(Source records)

((

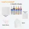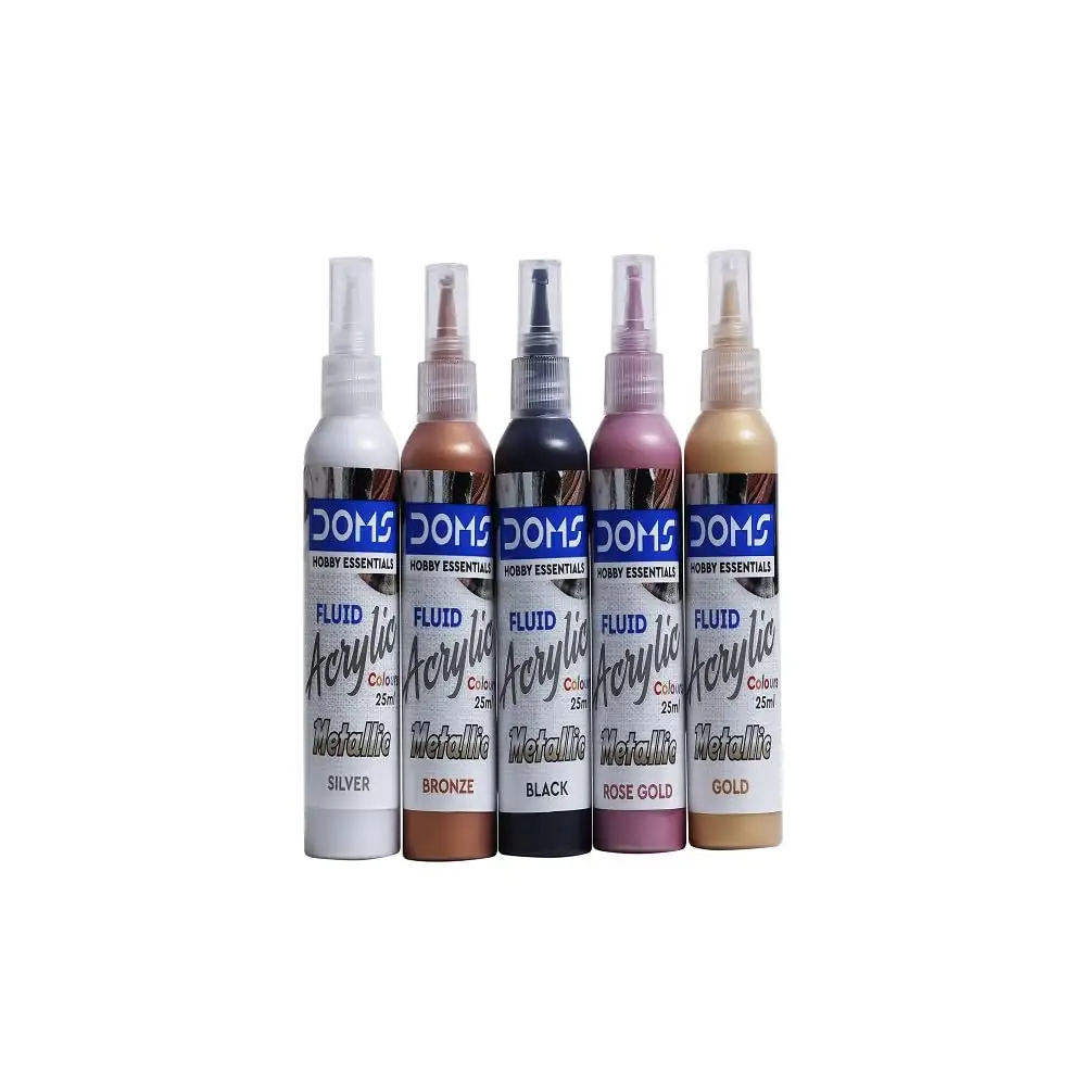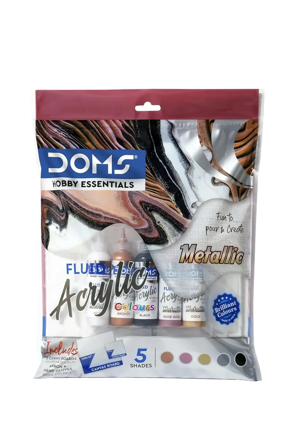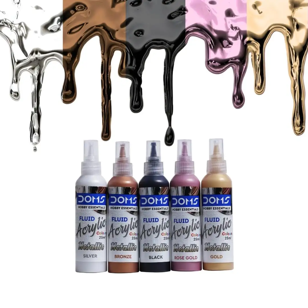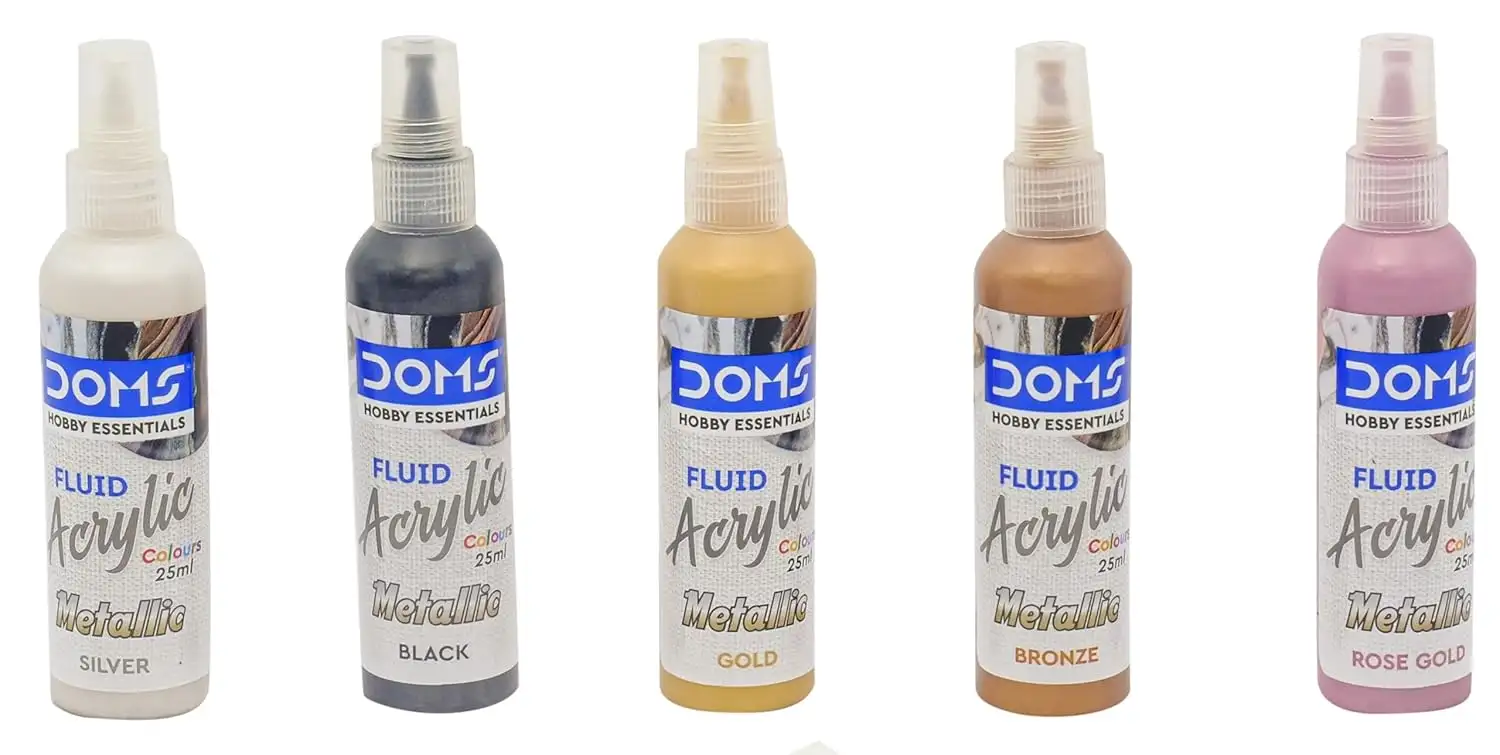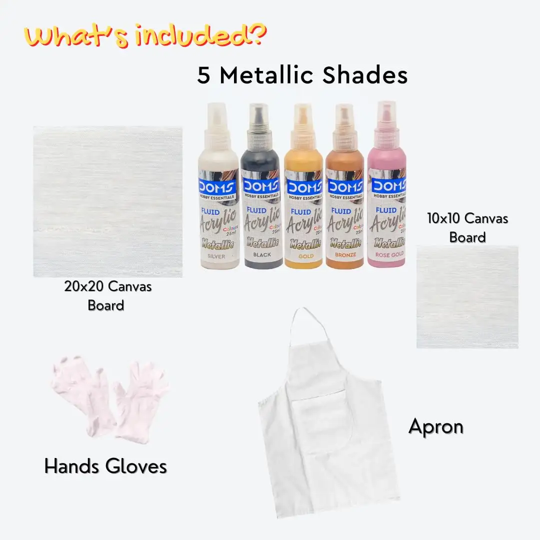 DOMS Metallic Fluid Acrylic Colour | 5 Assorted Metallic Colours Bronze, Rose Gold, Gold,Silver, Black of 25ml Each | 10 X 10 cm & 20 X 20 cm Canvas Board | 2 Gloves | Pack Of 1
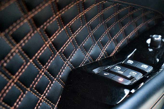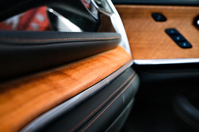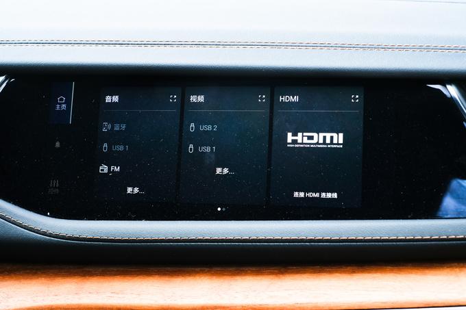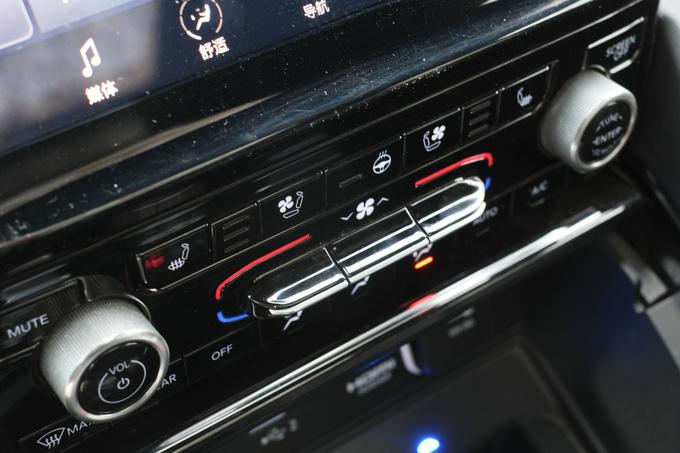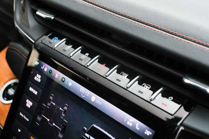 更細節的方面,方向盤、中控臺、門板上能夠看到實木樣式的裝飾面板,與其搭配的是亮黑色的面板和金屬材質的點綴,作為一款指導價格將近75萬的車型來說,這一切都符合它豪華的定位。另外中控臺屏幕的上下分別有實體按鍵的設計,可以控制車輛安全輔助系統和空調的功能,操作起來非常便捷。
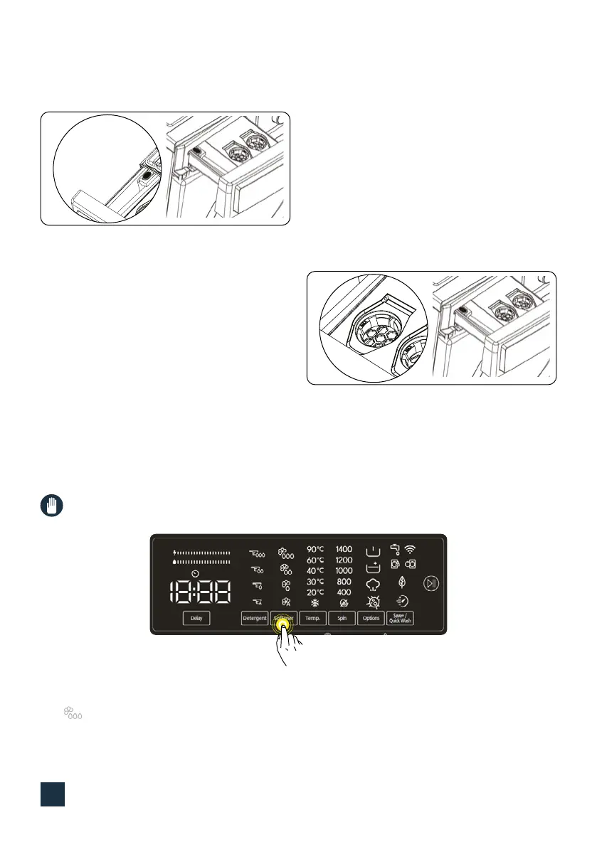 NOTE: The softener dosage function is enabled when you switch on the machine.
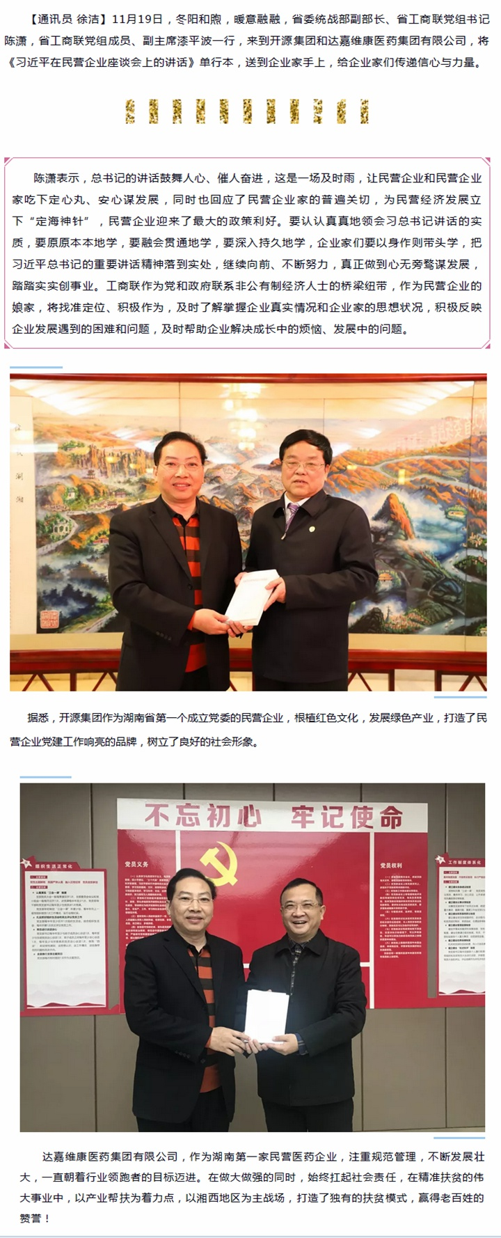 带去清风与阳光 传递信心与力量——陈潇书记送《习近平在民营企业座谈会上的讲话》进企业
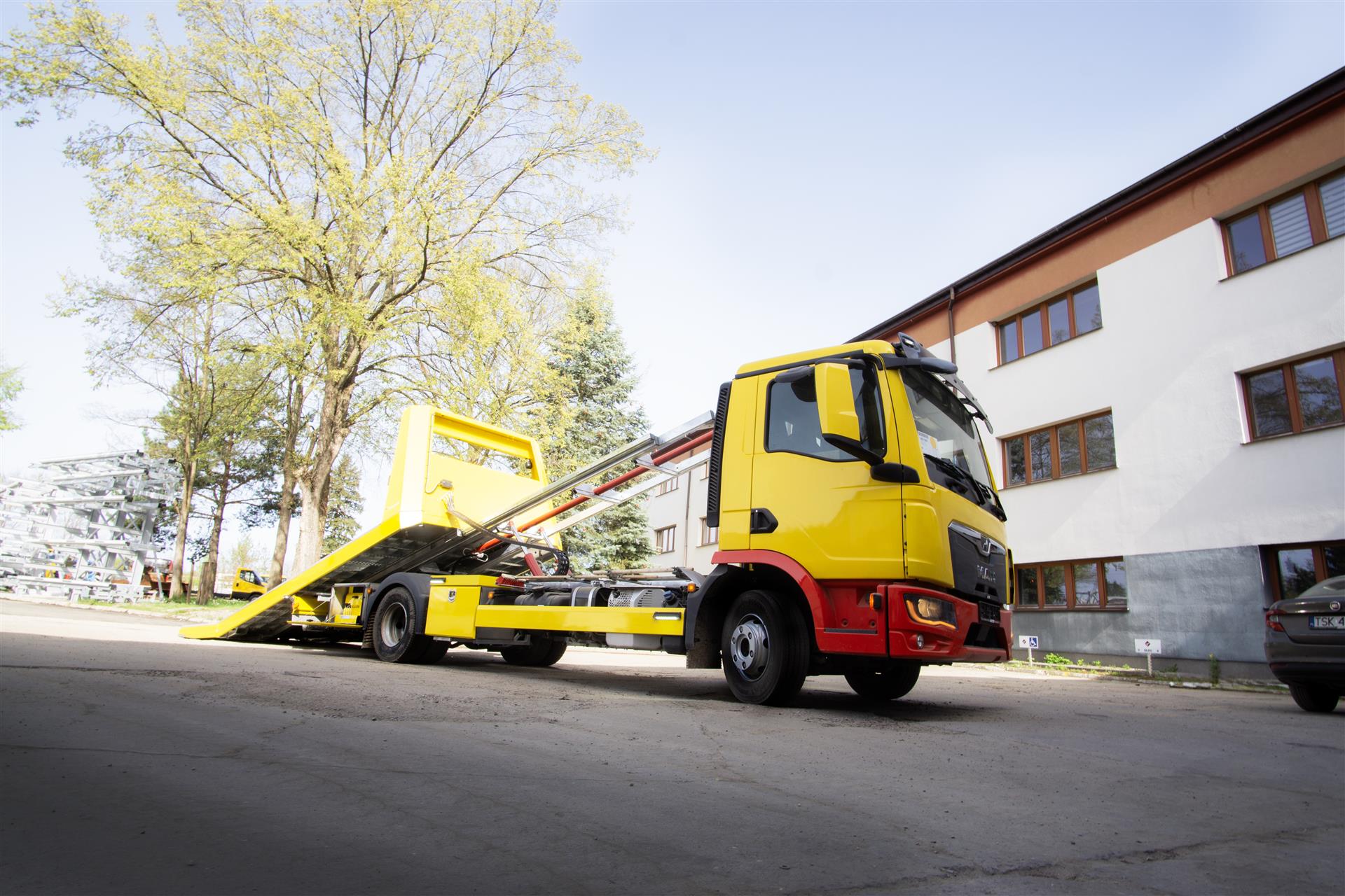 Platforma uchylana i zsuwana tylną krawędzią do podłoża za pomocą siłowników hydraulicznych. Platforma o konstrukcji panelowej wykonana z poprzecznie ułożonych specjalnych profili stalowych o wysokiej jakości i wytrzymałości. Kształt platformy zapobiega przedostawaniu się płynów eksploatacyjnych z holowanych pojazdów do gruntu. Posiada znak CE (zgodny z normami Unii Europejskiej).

))

[PROBLEM DETAILS]:
Exactly the lines from the top of the entries through the line with "带去清风与阳光 传递信心与力", inclusive, must be given again, with every picture omitted.

[ANSWER TO THE EXERCISE]:
 DOMS Metallic Fluid Acrylic Colour | 5 Assorted Metallic Colours Bronze, Rose Gold, Gold,Silver, Black of 25ml Each | 10 X 10 cm & 20 X 20 cm Canvas Board | 2 Gloves | Pack Of 1
 更細節的方面,方向盤、中控臺、門板上能夠看到實木樣式的裝飾面板,與其搭配的是亮黑色的面板和金屬材質的點綴,作為一款指導價格將近75萬的車型來說,這一切都符合它豪華的定位。另外中控臺屏幕的上下分別有實體按鍵的設計,可以控制車輛安全輔助系統和空調的功能,操作起來非常便捷。
 NOTE: The softener dosage function is enabled when you switch on the machine.
 带去清风与阳光 传递信心与力量——陈潇书记送《习近平在民营企业座谈会上的讲话》进企业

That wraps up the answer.